Our group has previously studied the longer-term outcomes of patients with RAVD undergoing mitral valve surgery, surgical aortic valve replacement, and transcatheter aortic valve replacement. Among 146 patients with RAVD requiring mitral valve (MV) surgery, MV repair was performed in 23%, while 58% underwent bioprosthetic MV replacement, and 19% underwent mechanical MV replacement. A total of 55% required repair or replacement of another valve and 21% were reoperations. We found that 51% of these patients died during a median follow-up of 1.6 years with an annualized mortality of ~ 18% per year. While a higher Society of Thoracic Surgeons (STS) score was associated with increased mortality on multivariable models, the type of MV surgery was not [33•].

We also studied longer-term outcomes of surgical aortic valve replacement (SAVR) in patients with RAVD. Among 172 patients with RAVD undergoing SAVR, death occurred in 48% during a mean follow-up of 6 years, compared with 7% in an age- and gender-matched control population (p < 0.001) [34]. We subsequently found that the rate of progression of aortic stenosis in RAVD is similar to the rate observed in control patients. However, we found that a significantly higher proportion of patients with RAVD underwent SAVR (80% vs. 50%, p < 0.01) at a far shorter time from the initial TTE 2.9 ± 1.6 years vs. 4.1 ± 2.4 years (p < 0.01) [35].
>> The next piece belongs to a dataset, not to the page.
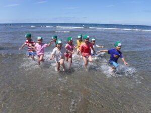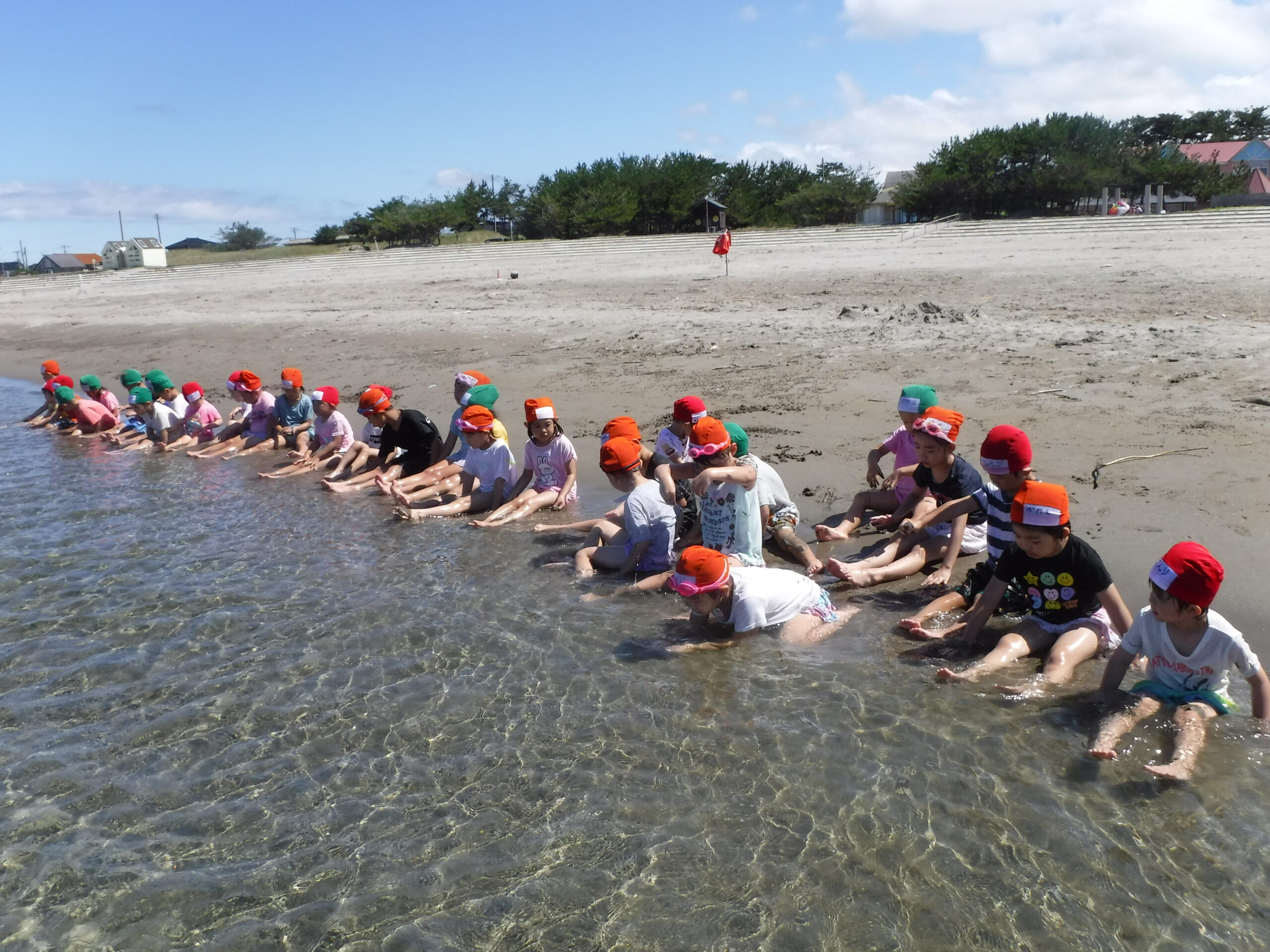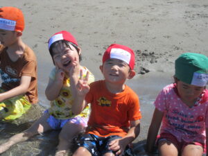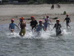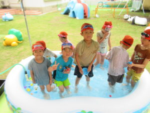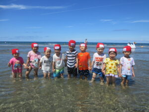 7月にプール開きをしてから、晴れた日は園庭で水遊びやプール、大間海水浴場で海水浴を楽しみました。

Due to the high morbidity and mortality in RAVD, there has been a great deal of enthusiasm surrounding the potential role for transcatheter aortic valve replacement (TAVR) in this patient population. In theory, TAVR could mitigate several issues encountered during surgical valve replacement, including XRT-induced fibrosis and adhesions, and restrictive lung disease. However, TAVR is oftentimes not optimal in RAVD due to extensive ascending aortic calcification, extensive AMC calcification with extension into the anterior mitral leaflet, and a high prevalence of conduction system disease. We previously compared the outcomes of 98 patients with RAVD undergoing TAVR with 172 patients with RAVD undergoing SAVR and demonstrated an in-hospital, 1- and 2-year survival of 96%, 91%, and 86% in the TAVR cohort compared with 96%, 86%, and 80% in the SAVR group [36]. Zhang et al. compared the outcomes of 55 patients with RAVD undergoing TAVR with further 55 patients undergoing SAVR and found that TAVR was associated with lower adjusted 30-day mortality, postoperative atrial fibrillation, and shorter hospitalization compared with SAVR [37]. TAVR should be performed in accordance with consensus guidelines, [21, 38] and TAVR may be considered the default strategy in patients with RAVD in whom transfemoral access can be performed, and in the absence of complicating factors such as multivalvular disease, advanced coronary artery disease, or excessive risk for coronary obstruction or annulus rupture.

Conclusions

Radiation-associated valvular disease is an increasingly recognized late consequence of mediastinal radiation. Knowledge of the potential for cardiotoxicity following a long latency period is crucial in order for appropriate multimodality imaging-based screening to be conducted. Among patients requiring percutaneous or surgical intervention, individualized timing and technique are critical, and, as such, these patients should be managed at high-volume centers with experience in managing radiation-associated valvular disease.